» Problem details:
Your answer must be an exact copy of the listing, with the images left out.

» Source data:
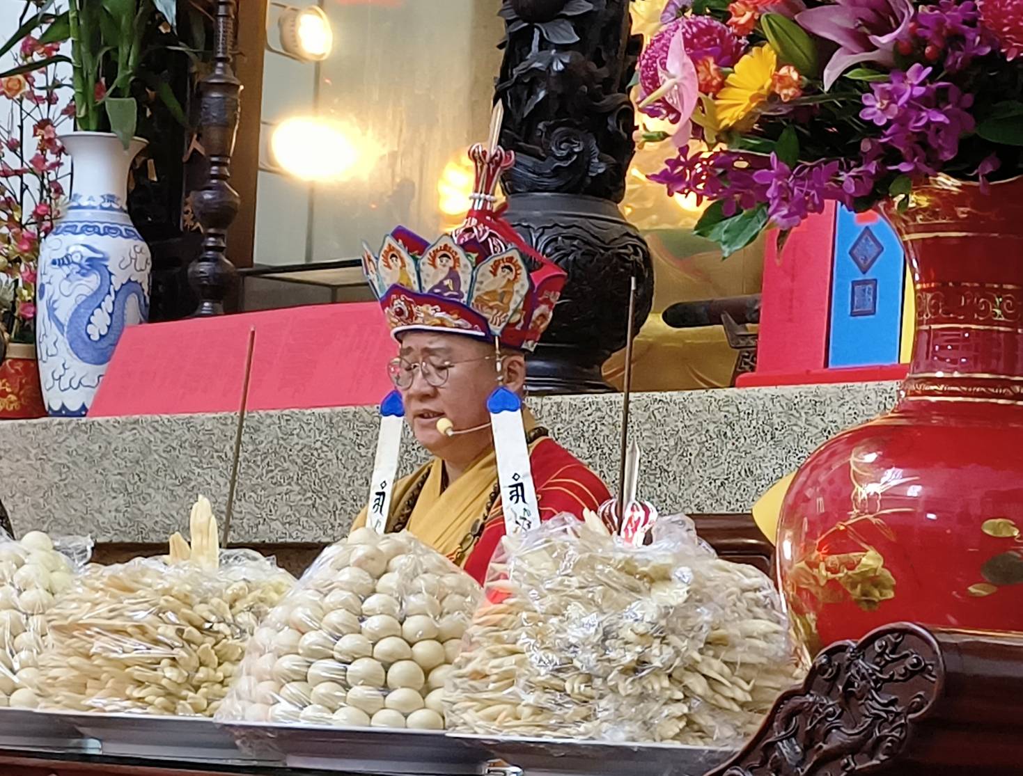 最後一堂焰口圓滿時化面然大士香案桌兩支蓮座
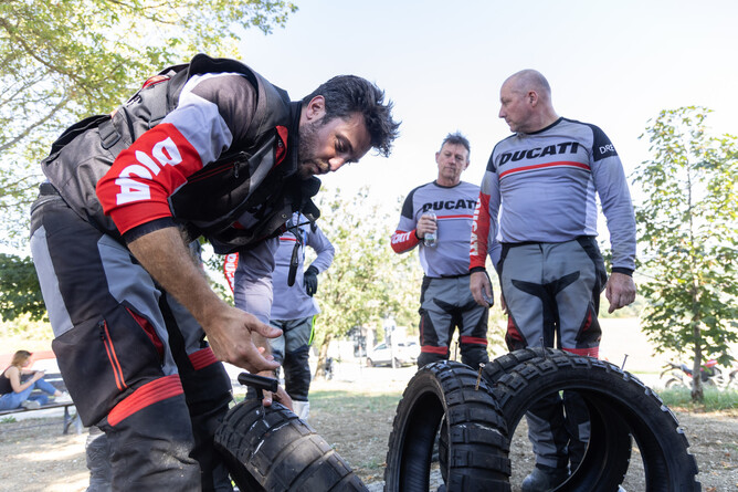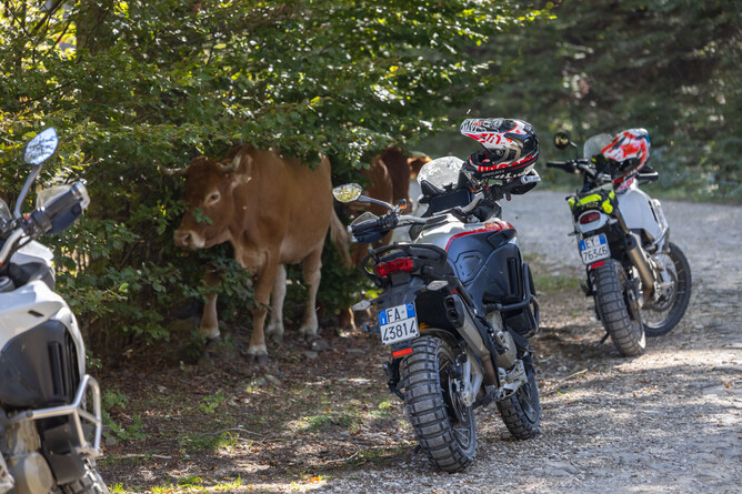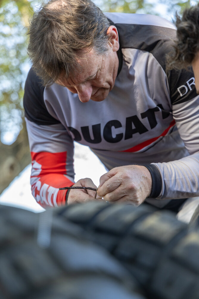 Sunday dawned another beautiful Tuscan day. We jumped on our bikes and headed for the hills as a pack of about 25 riders, plus the official photographer. Morning tea of Italian salami, cheese, sourdough bread, and water were interrupted by a herd of bell wearing cows who seemed to take exception to where weโd parked our machines. After a few tense moments and visions of a Multistrada being tossed into the woods by an angry bull, the herd moved on and we finished our refreshments. Andrea produced a tool kit, and we discussed essential items to carry on an adventure bike ride. He entertained us with a story where he and Casey Stoner helped another rider who was stuck out in the wilderness. The guy had no idea who had helped lift his bike on that day out in the wilderness until a year later when he bumped into Andrea again...
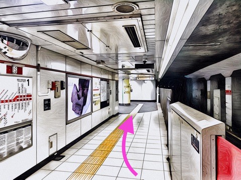 1号車1番扉(先頭から1両目)を出て右へ
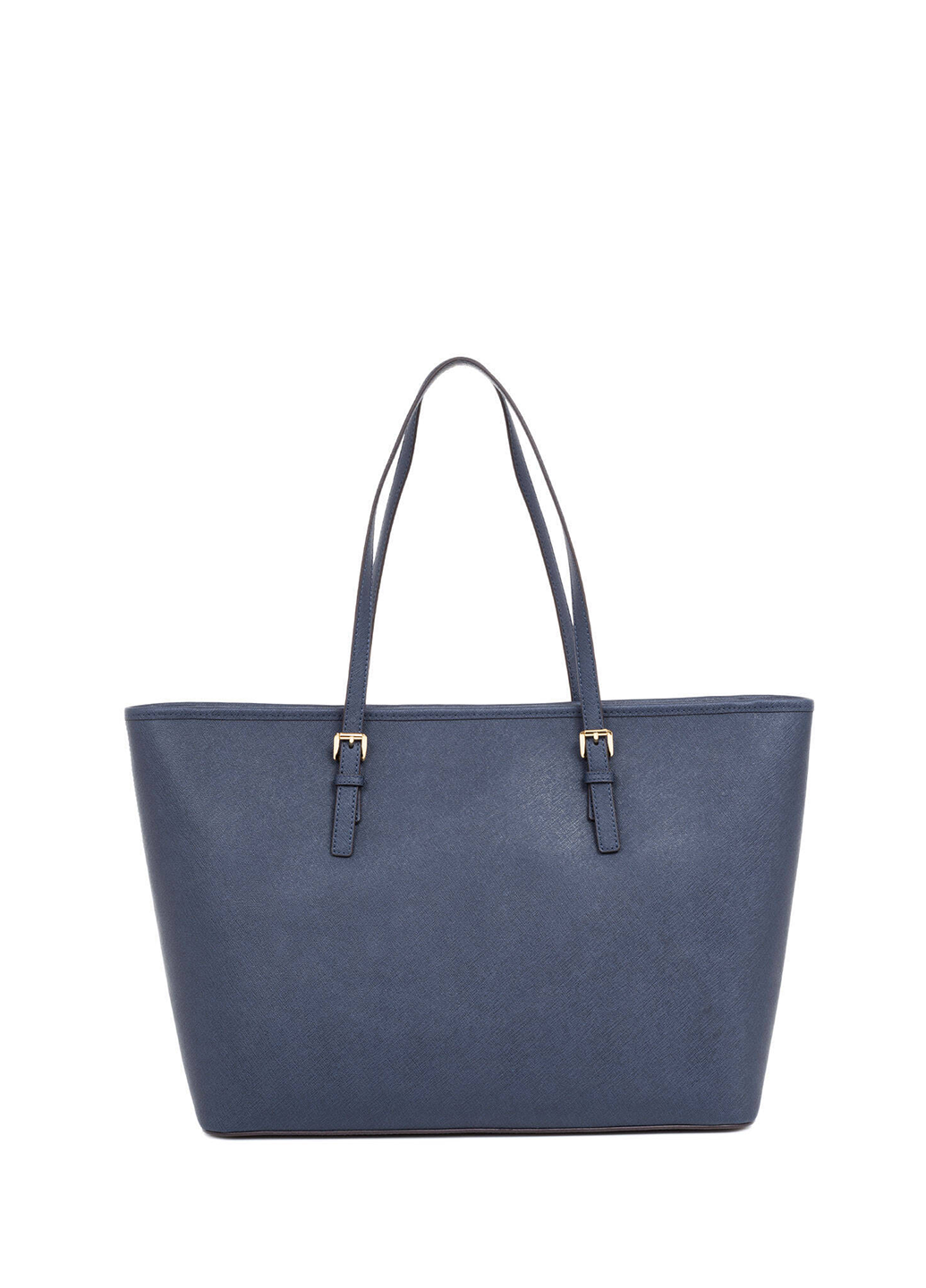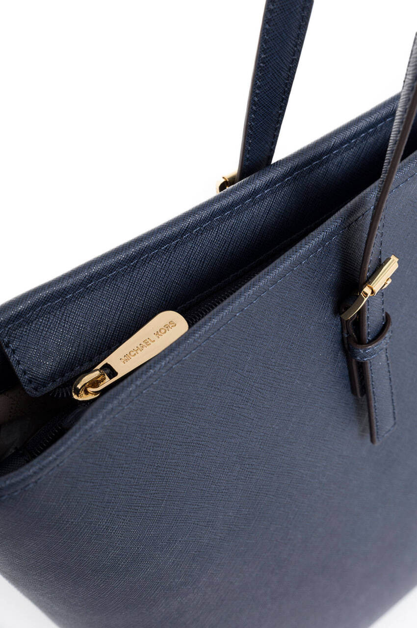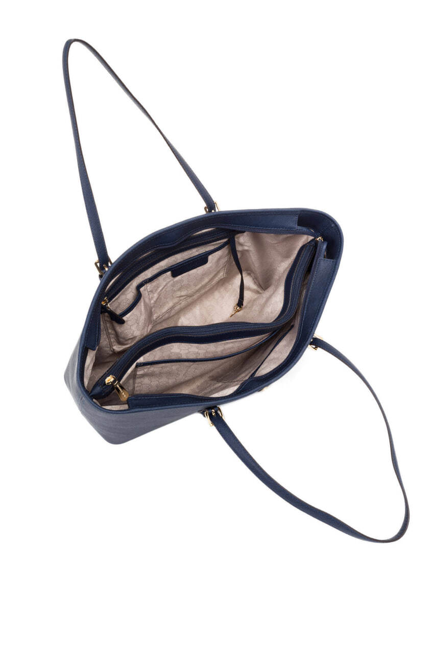Сумка Michael Kors Jet Set Travel Tote синього кольору - це стильний і практичний аксесуар, який стане відмінним вибором для повсякденного використання. Вона має два основних відділи, які дозволяють зручно організувати ваші речі. Між цими відділеннями знаходиться додаткове відділення на блискавці для зберігання додаткових предметів. У внутрішньому відділі знаходяться три відкриті кишені для зручного зберігання різних предметів, таких як телефон або ключі. В другому відділенні також є три кишені, одна з яких забезпечена блискавкою для зберігання цінних речей. Гравіювання логотипу та золотиста фурнітура додають сумці елегантності та стилю.

» Task output:
 最後一堂焰口圓滿時化面然大士香案桌兩支蓮座
 Sunday dawned another beautiful Tuscan day. We jumped on our bikes and headed for the hills as a pack of about 25 riders, plus the official photographer. Morning tea of Italian salami, cheese, sourdough bread, and water were interrupted by a herd of bell wearing cows who seemed to take exception to where weโd parked our machines. After a few tense moments and visions of a Multistrada being tossed into the woods by an angry bull, the herd moved on and we finished our refreshments. Andrea produced a tool kit, and we discussed essential items to carry on an adventure bike ride. He entertained us with a story where he and Casey Stoner helped another rider who was stuck out in the wilderness. The guy had no idea who had helped lift his bike on that day out in the wilderness until a year later when he bumped into Andrea again...
 1号車1番扉(先頭から1両目)を出て右へ
Сумка Michael Kors Jet Set Travel Tote синього кольору - це стильний і практичний аксесуар, який стане відмінним вибором для повсякденного використання. Вона має два основних відділи, які дозволяють зручно організувати ваші речі. Між цими відділеннями знаходиться додаткове відділення на блискавці для зберігання додаткових предметів. У внутрішньому відділі знаходяться три відкриті кишені для зручного зберігання різних предметів, таких як телефон або ключі. В другому відділенні також є три кишені, одна з яких забезпечена блискавкою для зберігання цінних речей. Гравіювання логотипу та золотиста фурнітура додають сумці елегантності та стилю.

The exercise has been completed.